В этот день сложился распорядок наших посещений библиотеки: утро мы посвящали беглому знакомству с книгами, затем быстро обедали, возвращались в читальный зал и проводили там еще несколько часов, а в пять вечера отправлялись домой.

Проводив Сидни до дома, я заглянул к Бенни. Ребята решили еще раз сходить на «Белую жару» с участием Джимми Кэгни. Это был один из любимых фильмов Луи. Мы уже дважды смотрели его, когда он вышел на экран в прошлом году, но Луи нашел один захудалый кинотеатр в Куинсе, где был устроен повторный показ. Он вызвался сгонять за билетами на всех, кто захочет пойти вместе с ним на восьмичасовой сеанс. Все согласились, и я, подумав, тоже присоединился:

— Какого черта, а почему бы и нет? Здоровская лента!

Вернувшись домой в шесть вечера, я решил снова позвонить Терри. Мои родители ушли из дома праздновать годовщину свадьбы, и я знал, что они обязательно поужинают перед тем, как отправиться в Рокфеллеровский центр. Мать оставила в духовке восхитительные спагетти, и я поставил перед собой еще теплую сковороду и набрал номер.

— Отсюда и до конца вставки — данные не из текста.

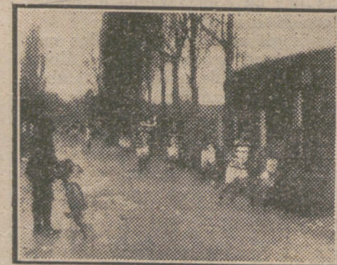
«CROSS COUNTRY» DEL DOMINGO. Paso de los corredores por la Moncloa.

Consistirá el homenaje en una fiesta deportista que seguramente organizarán el Athletic y el importante semanario «España Sportiva» (organi-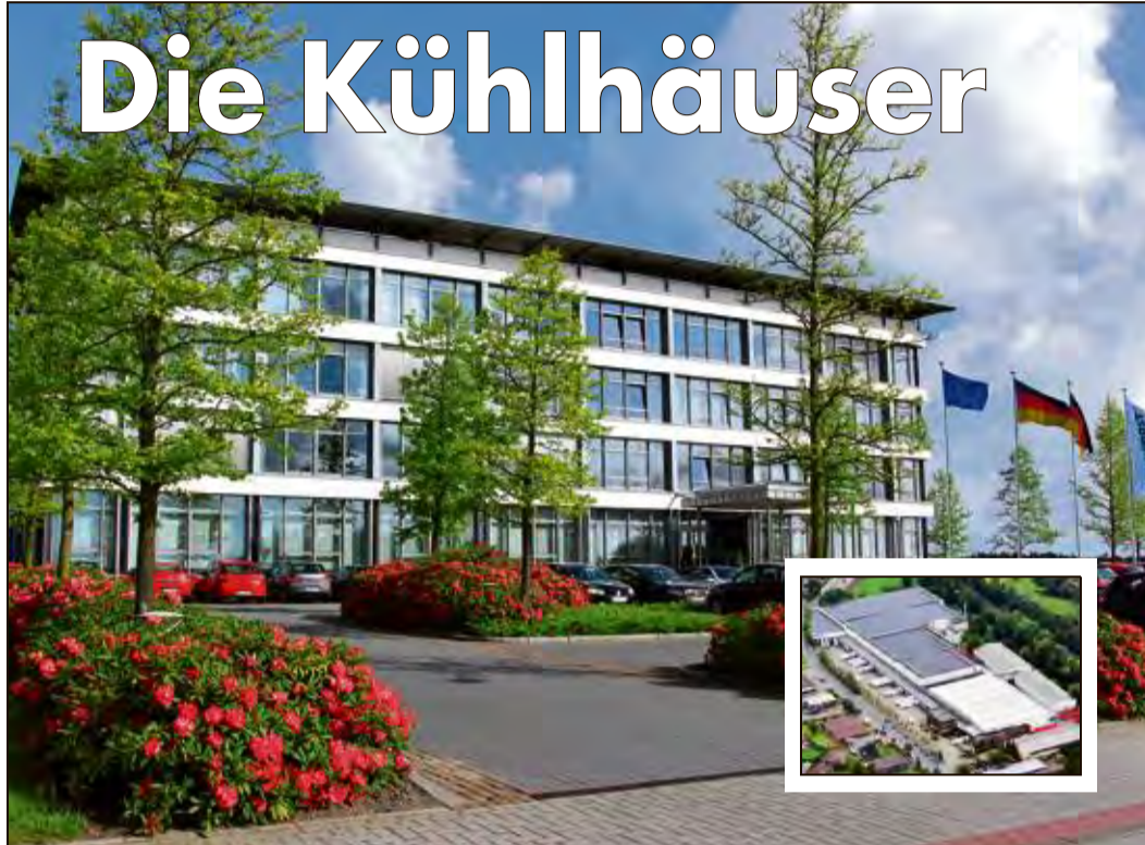
Schortenser Europazentrale und Schortenser Kühlhaus (kleines Foto)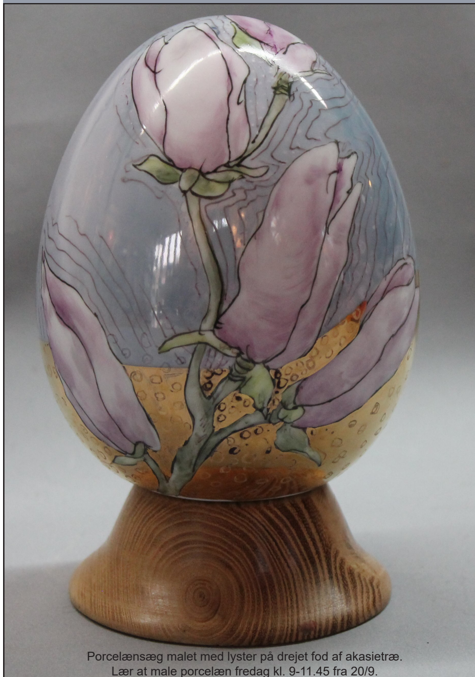
Porcelænsæg malet med lyster på drejet fod af akasietræ. Lær at male porcelæn fredag kl. 9-11.45 fra 20/9.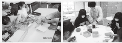
▲クリスマス工作のようす ▲毛糸で遊ぼうのようす

日時：原則毎週土曜日 14時30分～15時 定員：10人 内容：工作やビデオ上映会など

После нескольких звонков послышалось знакомое:

— Терри слушае-ет…

— Винни слушае-ет…

Она прыснула.

— Привет, Винни. Я как раз говорила о тебе.

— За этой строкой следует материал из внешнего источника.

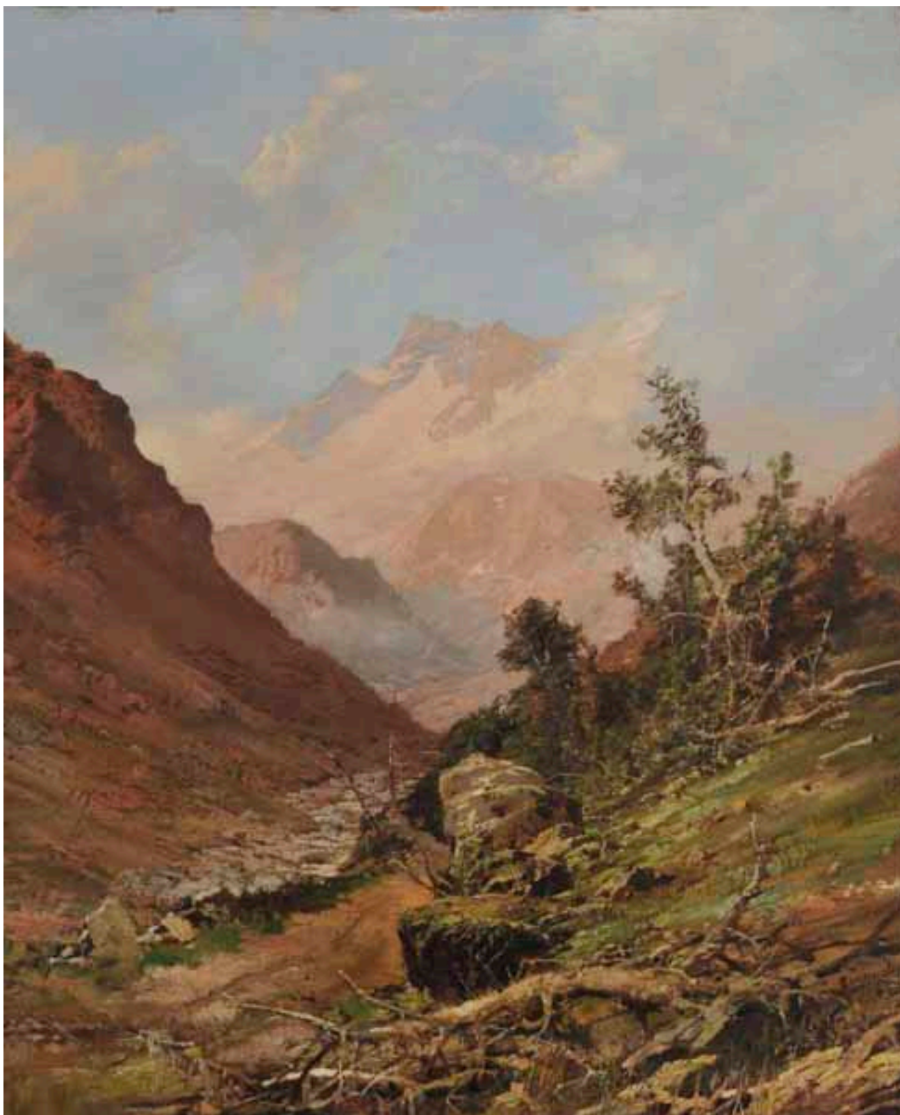
PAISAJE DE CORDILLERA

— Вот как? — радостно переспросил я.

— Угу. С Джилл, своей подругой. В клубе сегодня выходной, так что я отправляюсь ужинать с Джилл и ее знакомыми.

— Хорошо, — за неимением лучшего пробормотал я. — Когда можно будет с тобой увидеться?

— Как раз об этом мы и говорили. Похоже, у тебя появился новый друг. Джилл считает, что наши отношения — это просто замечательно.

Оглушенный счастьем, я выпалил:

— Здорово! Когда?

— Завтра не слишком рано?

— Ты шутишь? В какое время?

— Мы отправляемся ужинать в Вестхэмптон, так что, полагаю, домой вернемся поздно. Как насчет полудня? Заодно можно будет и пообедать.

— Замечательно! — воскликнул я. — Я обязательно приду.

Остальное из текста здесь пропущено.